──────── The data

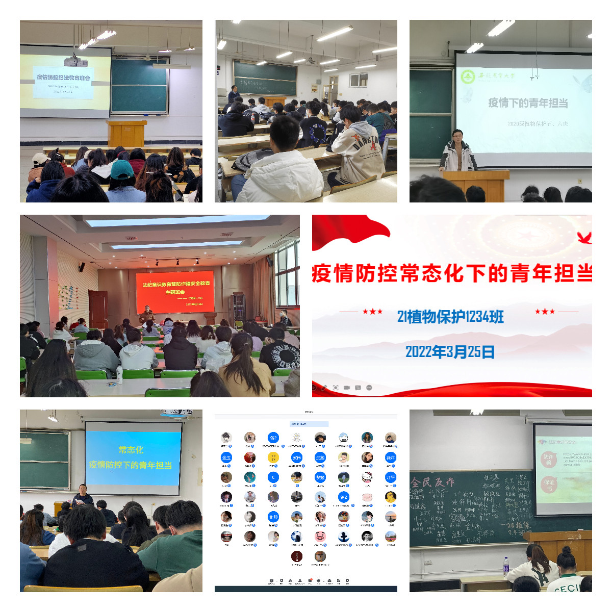 本网讯 2022年初,新冠疫情犹如“倒春寒”,在全国各地再次掀起波浪。面对复杂严峻的疫情防控形势,并严格落实学校关于疫情防控的最新要求,进一步厚植学生爱校荣校的观念,切实增强学生思想和行动自觉,植物保护学院本科生31个班级深入开展了“疫情防控下的青年担当”主题班会。
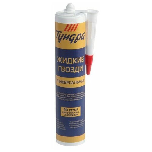 Жидкие гвозди универсальные марки тундра предназначены для наклеивания изделий из пенополистирола, стеновых панелей, пробки, дерева, кафельной плитки, ДСП, МДФ, металла, гипса, кирпича, гипсокартона, цемента, декоративного камня, и пр. Преимущества жидких гвоздей тундра подходят для большинства известных материалов; клеевой шов имеет высокую эластичность; для наружных и внутренних работ; водо- и морозостойкий; высокая прочность приклеивания; сила схватывания – 90 кг/м²; экологически чистый; универсальное применение направленного действия; возможна окраска водно-дисперсионной краской; обработка наждачной бумагой после высыхания для белого цвета. Указания по применению приклеивать к сухим и обезжиренным выровненным пористым поверхностям, предварительно очищенным от пыли и загрязнений; клей наносится либо сплошной полосой, либо точечно; время открытого позиционирования до 1-2 минут; склеиваемые поверхности прижать друг к другу; продолжительность высыхания 20-30 минут; полное схватывание клеящего вещества при температуре 20 °С достигается через 48 часов; при приклеивании декоративных тяжелых панелей использовать фиксирующие приспособления на время схватывания – до 4 часов и более; при наклеивании потолочной плитки, панелей и др. следует выполнять инструкции производителей вышеуказанных декоративных элементов; по окончании работ излишки клея удалить ацетоном, денатуратом или уайт-спиритом.
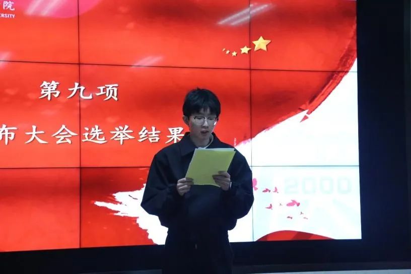 院研究生会主席团成员孟英婷致闭幕词。孟英婷同学首先对新一届学生会主席团、研究生会主席团的成功当选表示祝贺,对上一届的学生会和研究生会的工作和贡献进行肯定。鼓励新一届院学生会、研究生会“在新时代新征程中挺膺担当,奋发有为:在学生思想政治引领中当引导者、在服务同学成长成才中当实干家、在学院事业发展中当生力军、在全面加强自身建设中争当表率”。
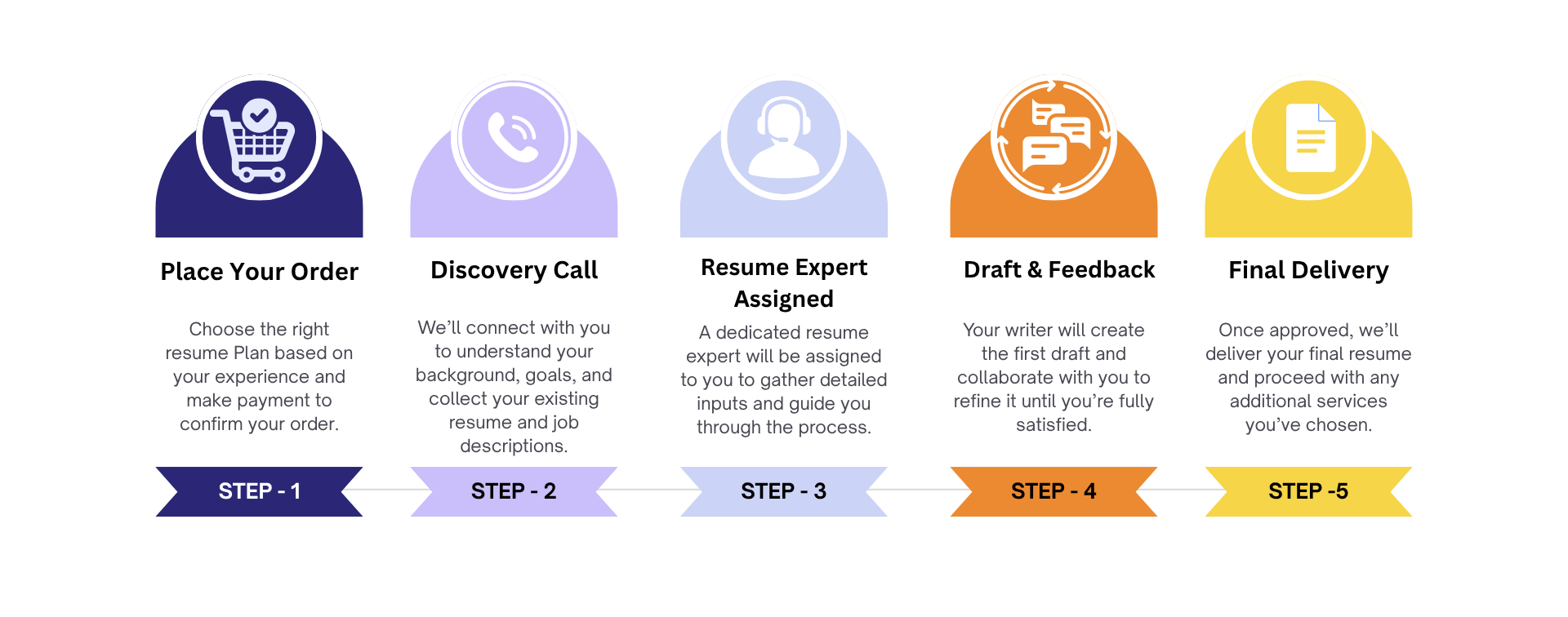 We will assign you a resume consultant / writer that will call you to discuss resume inputs in detail → Writer will write draft based on inputs collected → Iterate draft based on your feedback until you are satisfied →
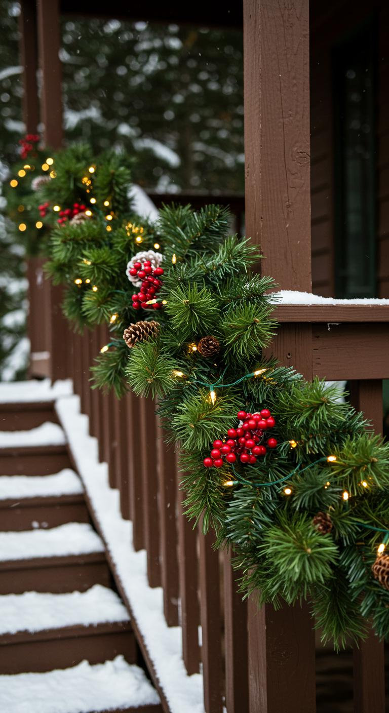 A festive garland is perfect for adding charm to your porch. Drape it over railings or hang it from beams. You can make one using fresh branches or pinecones, and it doesn’t have to break the bank. If you prefer a quicker solution, buy a pre-made garland from a craft store. Personalize it with ribbon, ornaments, and lights.
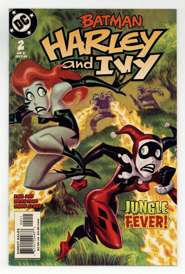 WRITTEN BY PAUL DINI; ART BY BRUCE TIMM AND SHANE GLINES; PAINTED COVER BY TIMM In stores May 26. It's a rumble in the jungle as the miniseries by Paul Dini & Bruce Timm continues! Harley and Ivy hunt down the priceless Zombie Root in lawless Costa Verde, but will the homicidal loggers Slash and Burn bag them first? And can Ivy resist the siren song of the rainforest? FC, 32 PG. (2 OF 3) $2.50 Cover price $2.50.
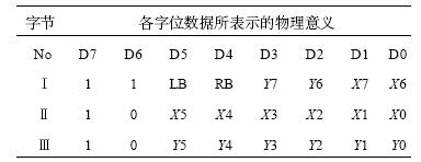 編碼的目的是將X和Y方向的位移改變量,連同鼠標(biāo)按鍵的實(shí)時(shí)信息,按照標(biāo)準(zhǔn)的Microsoft鼠標(biāo)協(xié)議要求的格式進(jìn)行編碼,以便最后發(fā)送到主機(jī)的信息能夠被電腦正確識(shí)別,從而使電腦能正確處理發(fā)送給它的位移信號(hào),來正確控制鼠標(biāo)光標(biāo)的移動(dòng)等動(dòng)作。表1表示的即是標(biāo)準(zhǔn)的鼠標(biāo)協(xié)議規(guī)定的三字節(jié)數(shù)據(jù)包格式,第1個(gè)字節(jié)記錄的是左右按鍵的信息和鼠標(biāo)X,Y位移的最高2個(gè)字位的數(shù)據(jù),按鍵按下時(shí),對(duì)應(yīng)的位置1,否則,置0;第2和第3個(gè)字節(jié)分別記錄X和Y方向位移的低6位數(shù)據(jù)。位移值的范圍取-127~+127,再大的位移改變量會(huì)自動(dòng)溢出。
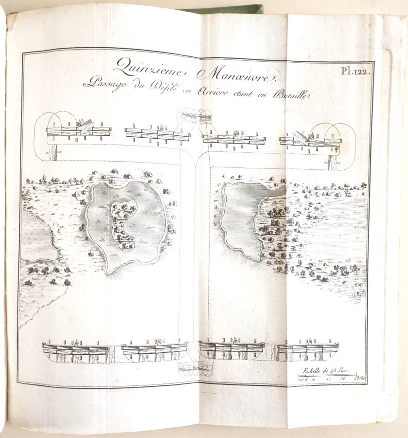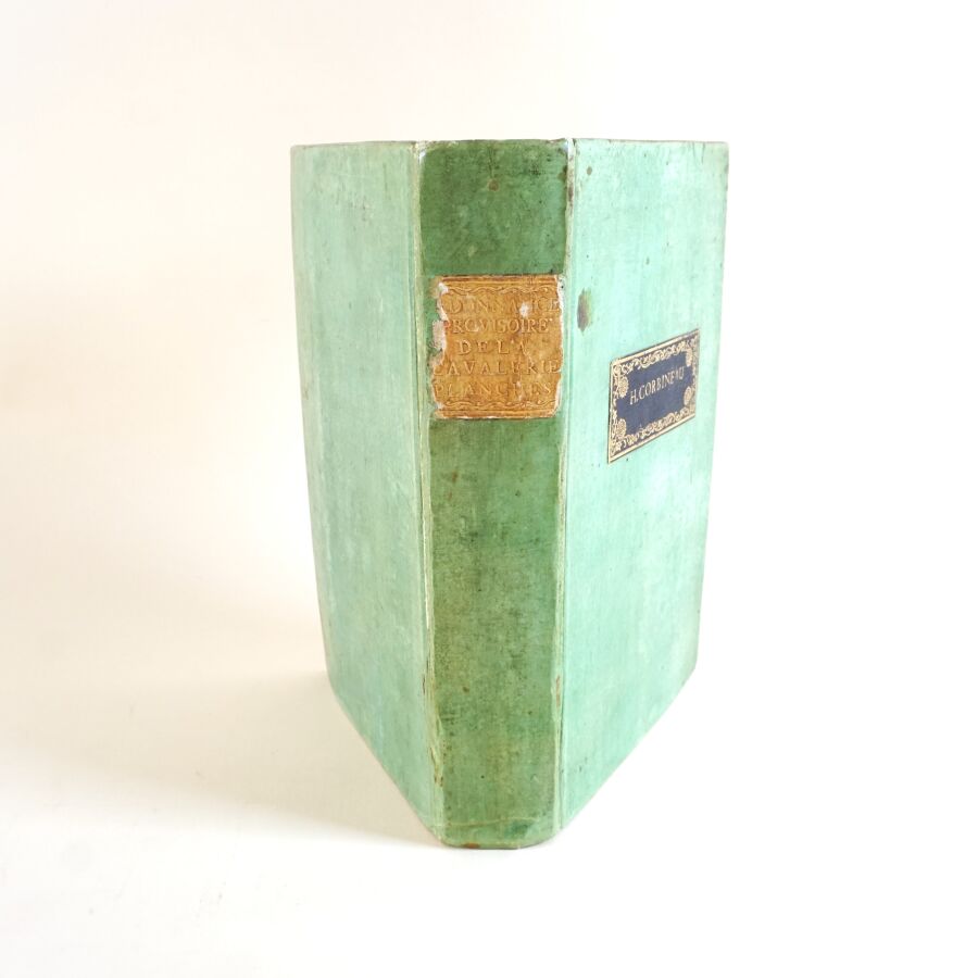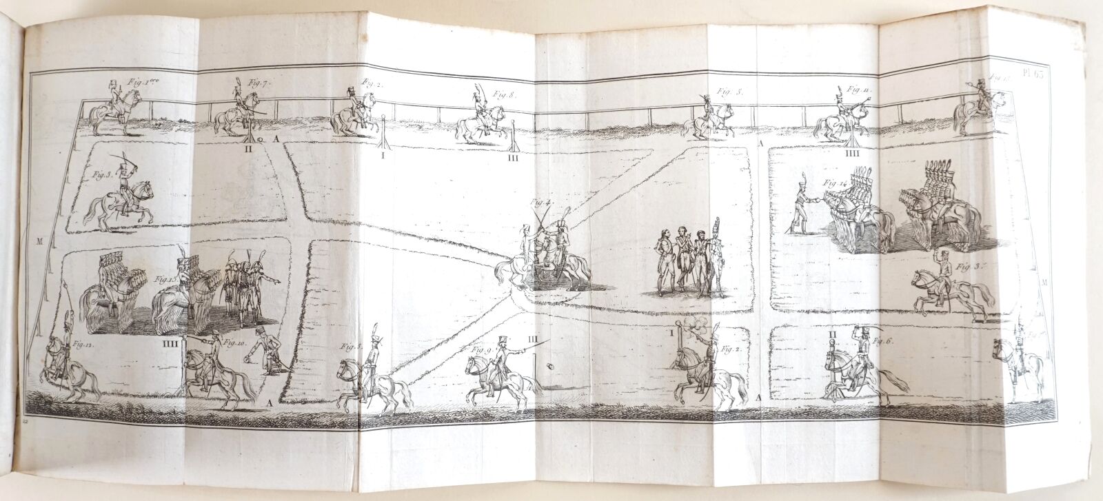[MILITARIA] - [COLLECTIF] - Ordonnance provisoire sur l'exercice et les manoeuvres de la cavalerie, rédigée par ordre du Ministère de la Guerre du 1er Vendémiaire An XIII. Planches - Paris ; Magimel, An XIII-1804 - 1 volume In-8° - Atlas seul - 127 planches gravées, dont de nombreuses dépliantes - Agréable reliure de l'époque vélin vert (rares petites taches au 1er plat) - Dos lisse - Pièce de titre papier beige (petits manques) - Tête mouchetée de brun - Super ex-libris de maroquin noir au 1er plat : H. Corbineau - Très bon exemplaire.

────────────────

> _Requirement_
Lines from the one above containing "院研究生会主席团成员孟英婷致" down to the one containing "WRITTEN BY PAUL" should be transcribed exactly, with both ends kept and no pictures.

> _Solution below_
 院研究生会主席团成员孟英婷致闭幕词。孟英婷同学首先对新一届学生会主席团、研究生会主席团的成功当选表示祝贺,对上一届的学生会和研究生会的工作和贡献进行肯定。鼓励新一届院学生会、研究生会“在新时代新征程中挺膺担当,奋发有为:在学生思想政治引领中当引导者、在服务同学成长成才中当实干家、在学院事业发展中当生力军、在全面加强自身建设中争当表率”。
 We will assign you a resume consultant / writer that will call you to discuss resume inputs in detail → Writer will write draft based on inputs collected → Iterate draft based on your feedback until you are satisfied →
 A festive garland is perfect for adding charm to your porch. Drape it over railings or hang it from beams. You can make one using fresh branches or pinecones, and it doesn’t have to break the bank. If you prefer a quicker solution, buy a pre-made garland from a craft store. Personalize it with ribbon, ornaments, and lights.
 WRITTEN BY PAUL DINI; ART BY BRUCE TIMM AND SHANE GLINES; PAINTED COVER BY TIMM In stores May 26. It's a rumble in the jungle as the miniseries by Paul Dini & Bruce Timm continues! Harley and Ivy hunt down the priceless Zombie Root in lawless Costa Verde, but will the homicidal loggers Slash and Burn bag them first? And can Ivy resist the siren song of the rainforest? FC, 32 PG. (2 OF 3) $2.50 Cover price $2.50.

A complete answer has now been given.